This ties into Shane's desire to expose web animations objects as 
CSS/SVG manipulators.

"One thing that I do think is important but not addressed in the spec is 
concurrency (I assume that this is what you meant by hardware 
accelerated animations). In particular, asynchronous animations are 
highly useful in covering up main thread lag due to events or 
implementations beyond the author's control. This is key on mobile where 
performance expectations are high due to a direct manipulation UI but 
processing power is weak. As a motivating example, consider trying to 
implement a feed of mixed content (say, Facebook's newsfeed) with native 
quality scrolling. Things like garbage collection, image decoding, 
style/layout from new content being inserted and time mysteriously 
unaccounted for (thanks Chrome!) disrupt the framerate 
during/transitioning into fling scrolling (which can use CSS animations 
for better physics / dependable scroll position events).
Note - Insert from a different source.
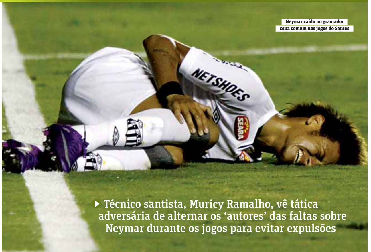
Neymar caído no gramado: cena comum nos jogos do Santos

“Eu não vendo nem faço imposição de nada, a gente se convence no dia a dia, com o trabalho, todos são valorizados nas vitórias”, lembrou. BAND.

The current and 
proposed APIs seem to assume some sort of synchronous execution between 
the JS and on screen animation; for this reason I like asynchronous 
events so that the animation thread isn't stalled by content."
  * I (Brian) followed this up and Rob provided the following 
clarification: "I think there are some implicit assumptions in the API 
such as the relation between the start of an animation and when you tell 
it to start; with asynchronous animations, you'll need to account for a 
delay (due to vsync, IPC overhead, etc...) and the page may want to take 
that into account when computing its UI."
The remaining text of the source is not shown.